Вещь в себе. Ольга Акулина, Иосиф Дашевский

Вещь в себе. Ольга Акулина, Иосиф Дашевский

Одно из наиболее интересных свойств названия, которое приписывают, назначают выставке, — это ситуация негласного принятия ее концептуальных оснований, обеспечивающих успех культурному событию. В то же самое время, смысл названия, благодаря своей априорной многозначности, может существовать независимо от задействованных уровней артикуляции языка, создавая по отношению к концепции выставки пространство рекурсии. В такой игре с названием, описываемым как будто внутри самого себя, участвуют скульптор и дизайнер Иосиф Дашевский и живописец Ольга Акулина.
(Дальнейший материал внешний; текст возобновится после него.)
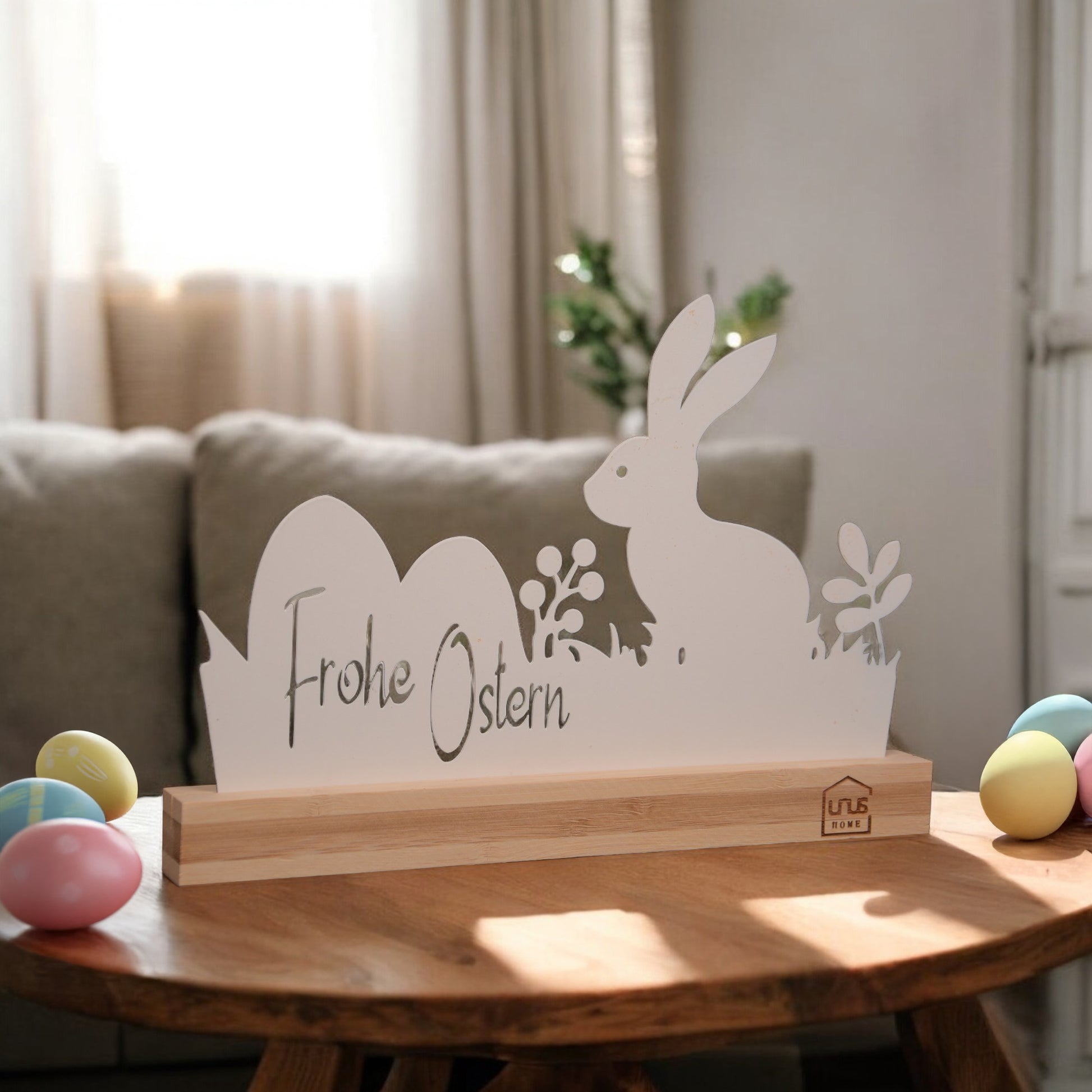 Ob auf der Fensterbank, dem Tisch oder dem Sideboard, dieser liebevoll gestaltete Aufsteller setzt überall frische Osterakzente. Der niedliche Hase, umgeben von Ostereiern und zarten Pflanzen, bringt eine fröhliche Atmosphäre in Ihr Zuhause.

Обращаясь к понятию «вещь в себе», художники запускают неконтролируемый процесс согласия и одновременно разночтения в интерпретации то ли строго философского термина Иммануила Канта, то ли его дальнейшего влияния на историю философии и онтологию искусства, то ли аффирмативной формулы, лишившейся вследствие постоянного, повседневного употребления очевидных коннотаций. Важна здесь не столько степень узнавания и стремление точно угадать исходный контекст, сколько обозначение экспозиционного момента взаимодействия скульптур Дашевского со станковыми картинами Акулиной.
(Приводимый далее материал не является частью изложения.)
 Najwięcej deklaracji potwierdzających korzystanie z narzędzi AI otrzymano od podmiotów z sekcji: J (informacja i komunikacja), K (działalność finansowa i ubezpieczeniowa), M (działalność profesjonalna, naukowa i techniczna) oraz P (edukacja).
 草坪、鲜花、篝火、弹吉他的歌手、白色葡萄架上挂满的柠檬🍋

Оба художника работают с проблемой доступа к внутреннему опыту и возможностями его передачи средствами искусства. Скульптурные композиции Дашевского связаны и в какой-то степени даже иллюстрируют различные модели воспроизводства религиозного опыта в современном мире, которые сегодня исследуются направлением постсекуляризм. Объединяя «канонические» скульптурные материалы, такие как дерево, металл, камень и кость с нитями, фрагментами фресок, мехом и зеркалом, мастер создаёт скульптуры, которые скульптуры выступают как своего рода места подразумеваемого религиозного действия, семантические «ловушки» для ритуала, персонального толкования религиозного символа, понятия или сюжета. Живопись Акулиной, наоборот, порывает с этой «комбинаторной» теологией в пользу уединённого, «герметичного» взгляда фланера, чьё направленное зрение укоренено в пространстве города в качестве исторического следования трагедиям и тревогам, связанным с его отдельными частями. Парадоксальным образом, подобная индивидуальная антропология города работает как оптический взрыв, как механизм срыва его привычного визуального опознания: слом по ту сторону урбанистической политики, высота вне утилитарного подсчета жилищной этажности, молчание как форма памяти о забытом, утраченном, заколоченном прошлом.
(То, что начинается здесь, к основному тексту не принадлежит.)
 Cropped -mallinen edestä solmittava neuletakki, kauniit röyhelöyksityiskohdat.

Искусство Дашевского и Акулиной формируется, следовательно, как способность к сообщению определённого рода, транслируемое художественным объектом. Но для этого художники «рискуют» своим собственным бытием автора, чтобы сообщение, а значит и все ему сопутствующие компоненты расположились на пределе небытия некогда признаваемого авторства, получили тотально суверенный смысл. Но что значит этот смысл? Принадлежа миру сакрального, он теряет всякую связь с иерархией, господством и контролем; поэтому и суверенность, доступная во внутреннем опыте, который благодаря искусству, оказывается опытом внешнего, опытом самой соотнесенности с Другим, рассматривается уже не как эффект, возникающий в пространстве связей, выстраиваемых по модели «господство — рабство», но как эффект сообщения, бытия-вместе. Ведь именно со-действие материалов и производимый посредством их свойств образ намечают в экспозиции движение от публичного к безличному проявлению вещей, определяющих доступ уже к художественному объекту через самоотрицание и поиск «подлинной», ненормативной суверенности как для самих художников, так и для зрителей.

Александр Саленков, искусствовед



Подробности

  • Открытие: 23 июля 2017 г. в 16:00
  • Дни работы: 24 июля — 25 июля 2017 г.